Published in:
Open Access
01-03-2016 | Original Article
High adherence to all-oral directly acting antiviral HCV therapy among an inner-city patient population in a phase 2a study
Authors:
Tess Petersen, Kerry Townsend, Lori A. Gordon, Sreetha Sidharthan, Rachel Silk, Amy Nelson, Chloe Gross, Monica Calderón, Michael Proschan, Anu Osinusi, Michael A. Polis, Henry Masur, Shyam Kottilil, Anita Kohli
Published in:
Hepatology International
|
Issue 2/2016
Login to get access
Abstract
Background
As treatment for chronic hepatitis C (HCV) virus has evolved to all-oral, interferon-free directly acting antiviral (DAA) therapy, the impact of these improvements on patient adherence has not been described.
Methods
Medication
adherence was measured in 60 HCV, genotype-1, treatment-naïve participants enrolled in a phase 2a clinical trial at the National Institutes of Health and community clinics. Participants received either ledipasvir/sofosbuvir (LDV/SOF) (90 mg/400 mg) (one pill) daily for 12 weeks, LDV/SOF + GS-9451 (80 mg/day) (two pills) daily for 6 weeks, or LDV/SOF + GS-9669 (500 mg twice daily; three pills, two in the morning, one in the evening) for 6 weeks. Adherence was measured using medication event monitoring system (MEMS) caps, pill counts and patient report.
Results
Overall adherence to DAAs was high.

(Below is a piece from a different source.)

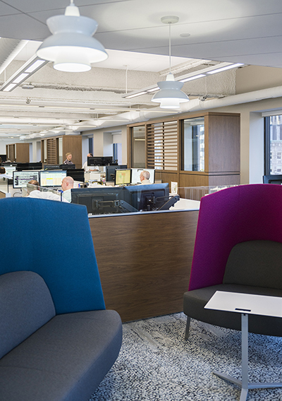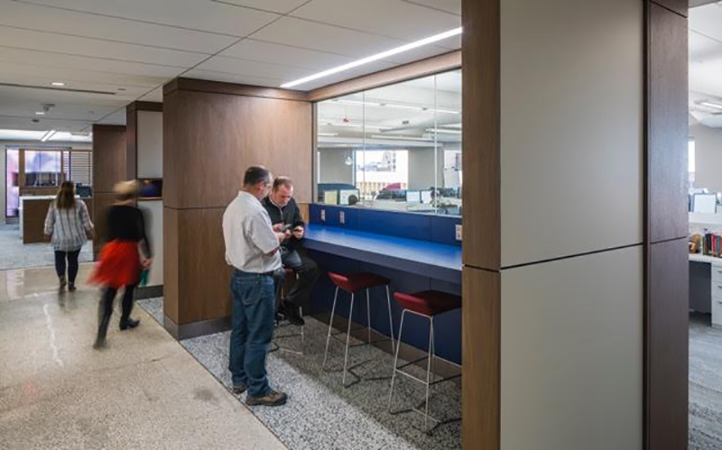 “They’re a very focused group, and very deadline-driven,” noted Ms. Taylor. “Every individual work area is assigned, but the private offices are set up to accommodate collaborative functions as well.
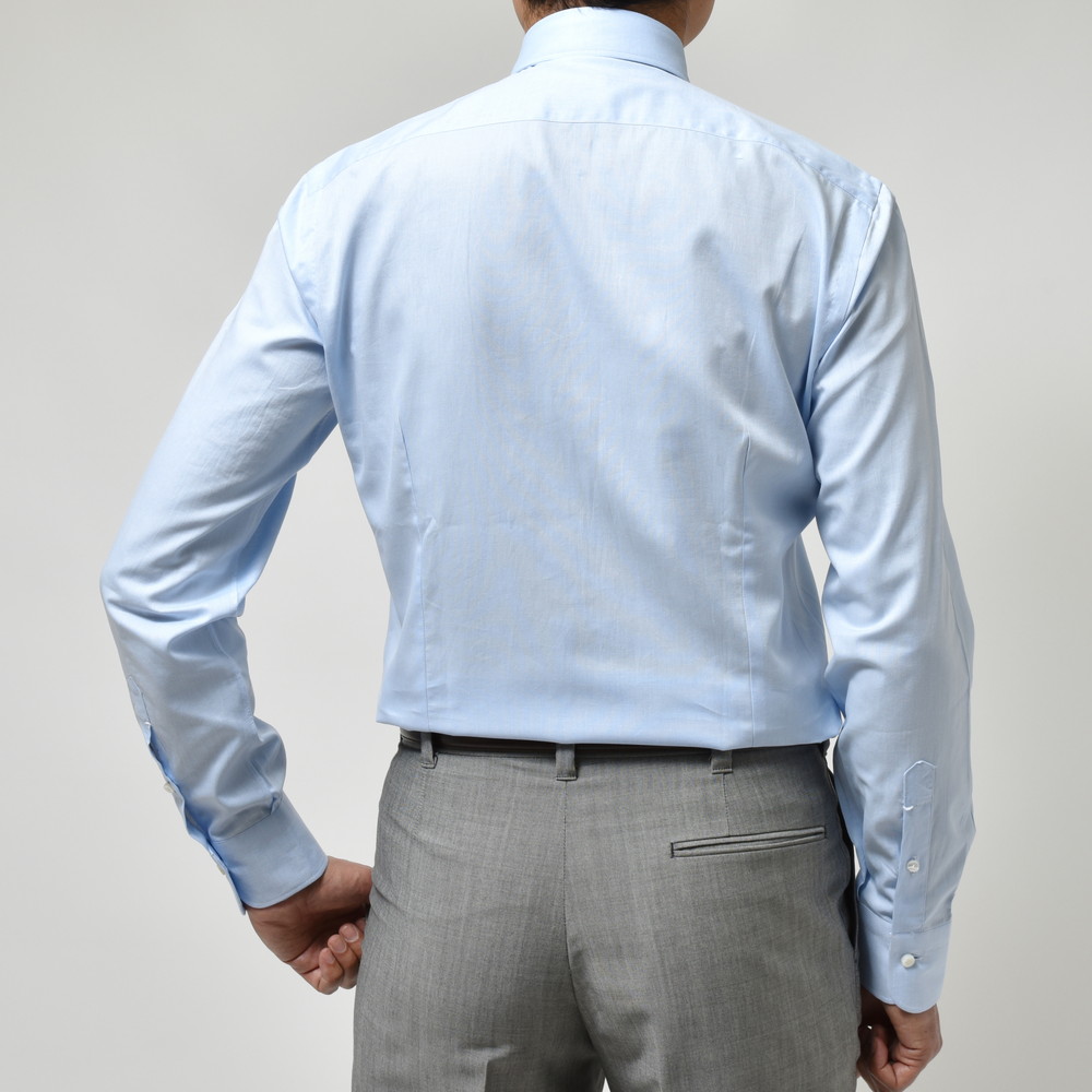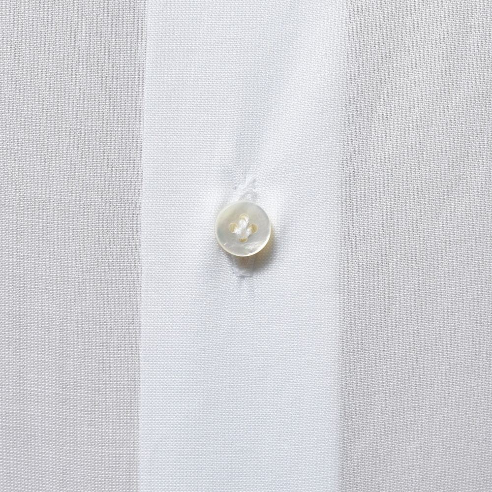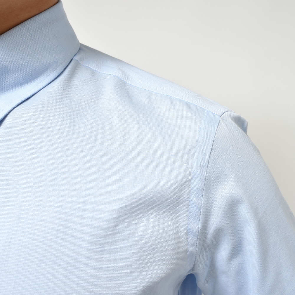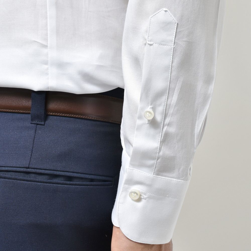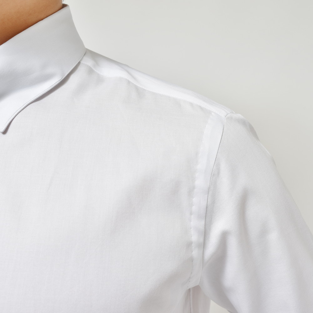 立体的で引き締まった見え方になりますので、Vゾーンがピリッとするんですよね。心地良いドレスシャツだと思います。

Adherence declined over the course of the 12-week treatment (p = 0.04). While controlled psychiatric disease or symptoms of depression did not influence adherence, recent drug use was a risk factor for non-adherence to 12-week (p = 0.01), but not 6-week regimens. Adherence as measured by MEMS was lower than by patient report.
Conclusions
Adherence to short courses of DAA therapy with 1–3 pills a day was excellent in an urban population with multiple risk factors for non-adherence.